Source data
________
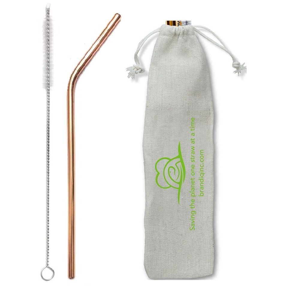 sku: BIQ249- Rose Gold Color Straw made of food safe 18/8 stainless steel. They are branded with the Brand IQ logo.
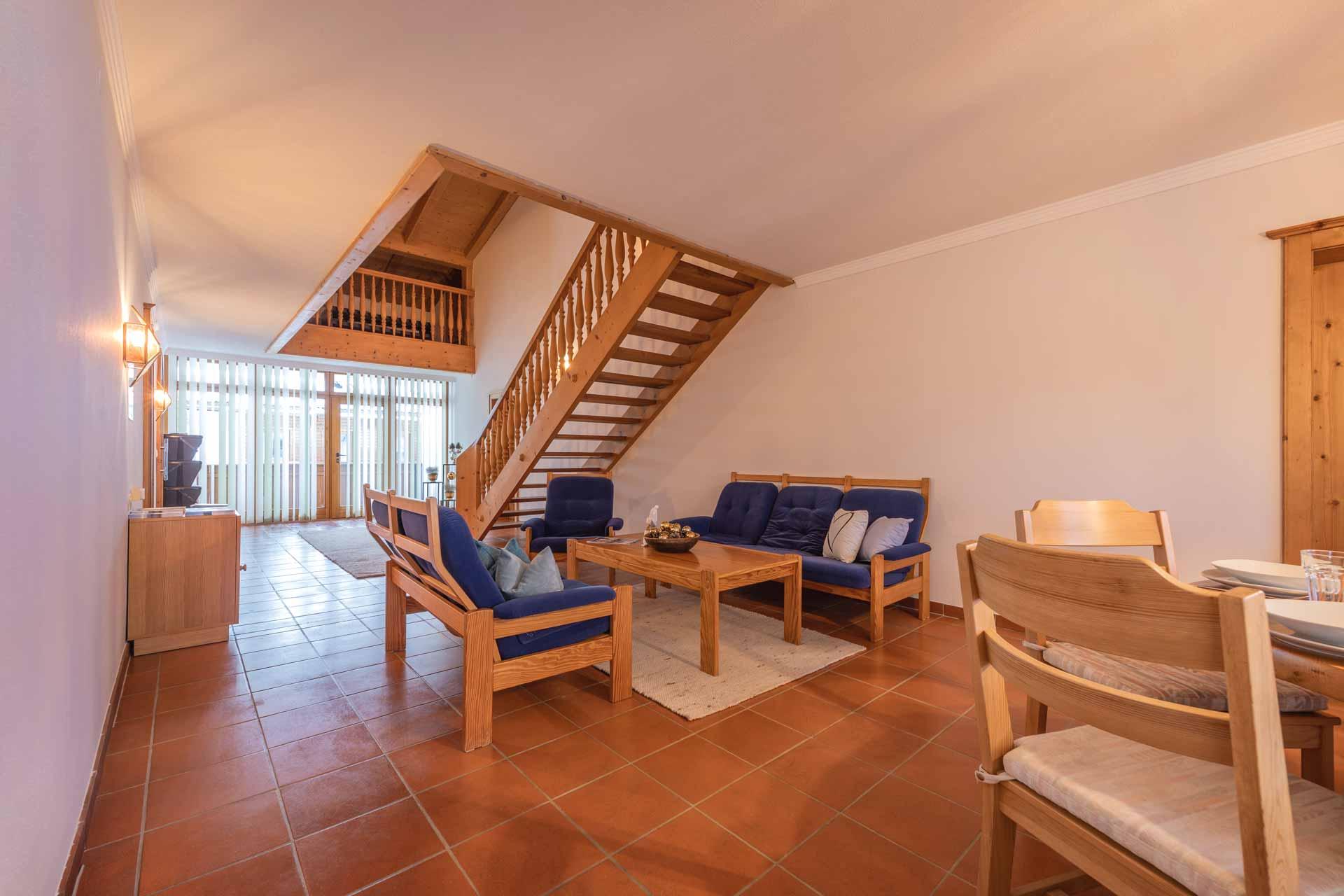 Das Herzstück der Ferienwohnung ist das großzügige Wohnzimmer, wo Sie sich nach einem aktiven Tag in den Bergen entspannen können. Die bequemen Sofas laden zum Verweilen ein, und hier können Sie vielleicht einen Filmabend mit der Familie veranstalten.
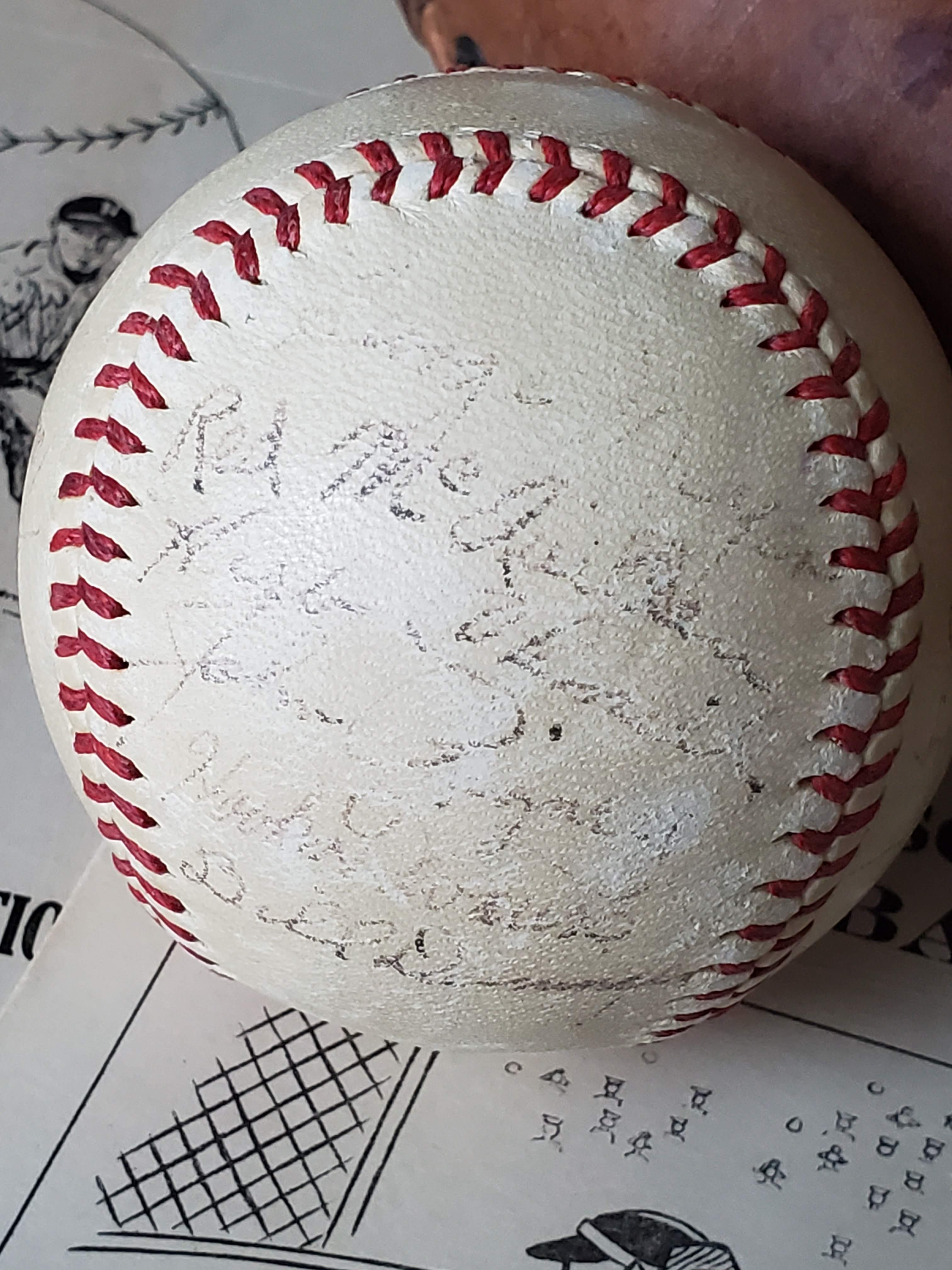 Showing signatures from the 1944 Norfolk NTS Bluejackets: George Meyer, “Red” McQuillen, Herb Schmiel, Johnny Rigney, “Hooks” Devaurs and Bill Deininger.
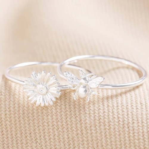 A beautiful set of two silver stacking rings, with one bumblebee ring and one daisy ringFeaturing delicate bands, perfect for layering.Size L/XL Size 15/Q
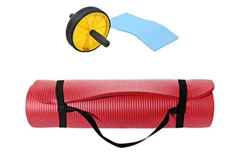 Generic - تمارين عجلة الرول مع وسادة للركبة ، AL225 مع ان بي ار فرشة تمارين اليوجا ، أحمر ، Mf118-2-R1
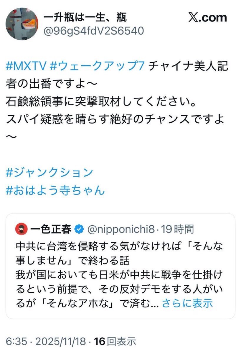 「中国人記者」だけで無く、気に入らない日本人にもスパイレッテル。 ホンモノのスパイには全く無力な右層。 @96gS4fdV2S6540 #一升瓶は一生瓶 #MXTV #ウェークアップ7 #ジャンクション pic.x.com/iuMrQ1JARq
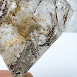 片面はルチルの流れ、もう片面はクリアな透明感と印象的な模様が魅力です。
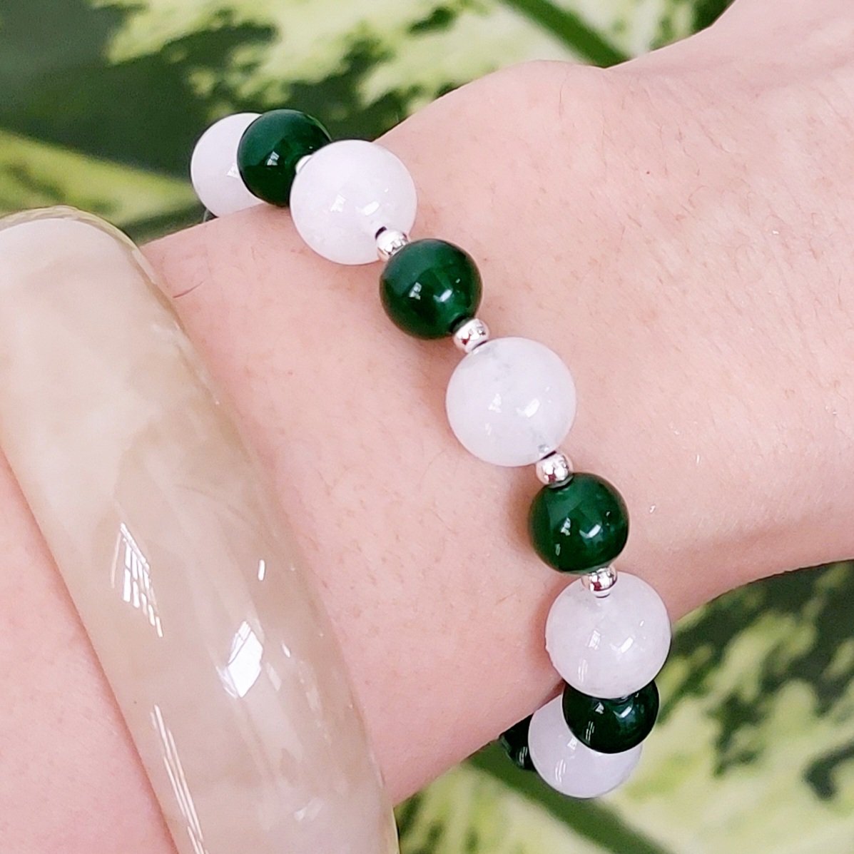 ✨Vòng tay Nữ phong thủy đá mã não trắng mix đá thạch anh xanh và bi bạc kết dây thời trang
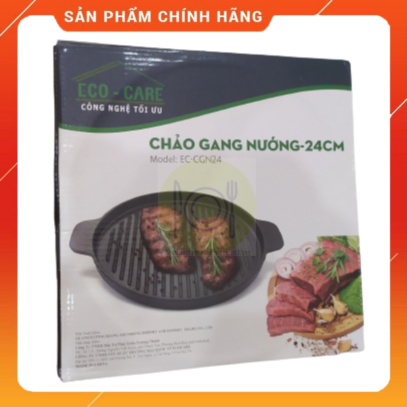 Chảo gang nướng chống dính ECO-CARE, đường kính 24cm, có rãnh thoát dầu, dùng cho bếp từ, bếp hồng ngoại, bếp điện từ…
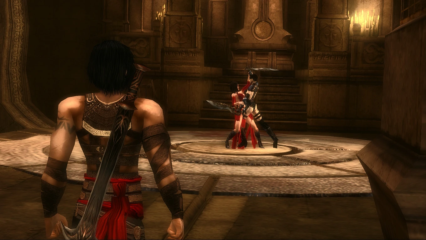 When the Prince first arrives at the Sacrificial Altar, he notices a strange wraith-like creature on a balcony above. He then hears commotion ahead and charges up the stairs to see Shahdee tussling with a mysterious woman. When the woman cries out for help, Shahdee throws her off the edge. The Prince and Shahdee begin their final battle here.
________
Exercise goal: Transcribe exactly the lines from the one containing "A beautiful set" through the last line of the records above, and nothing else. Leave out the pictures.

Written response:
 A beautiful set of two silver stacking rings, with one bumblebee ring and one daisy ringFeaturing delicate bands, perfect for layering.Size L/XL Size 15/Q
 Generic - تمارين عجلة الرول مع وسادة للركبة ، AL225 مع ان بي ار فرشة تمارين اليوجا ، أحمر ، Mf118-2-R1
 「中国人記者」だけで無く、気に入らない日本人にもスパイレッテル。 ホンモノのスパイには全く無力な右層。 @96gS4fdV2S6540 #一升瓶は一生瓶 #MXTV #ウェークアップ7 #ジャンクション pic.x.com/iuMrQ1JARq
 片面はルチルの流れ、もう片面はクリアな透明感と印象的な模様が魅力です。
 ✨Vòng tay Nữ phong thủy đá mã não trắng mix đá thạch anh xanh và bi bạc kết dây thời trang
 Chảo gang nướng chống dính ECO-CARE, đường kính 24cm, có rãnh thoát dầu, dùng cho bếp từ, bếp hồng ngoại, bếp điện từ…
 When the Prince first arrives at the Sacrificial Altar, he notices a strange wraith-like creature on a balcony above. He then hears commotion ahead and charges up the stairs to see Shahdee tussling with a mysterious woman. When the woman cries out for help, Shahdee throws her off the edge. The Prince and Shahdee begin their final battle here.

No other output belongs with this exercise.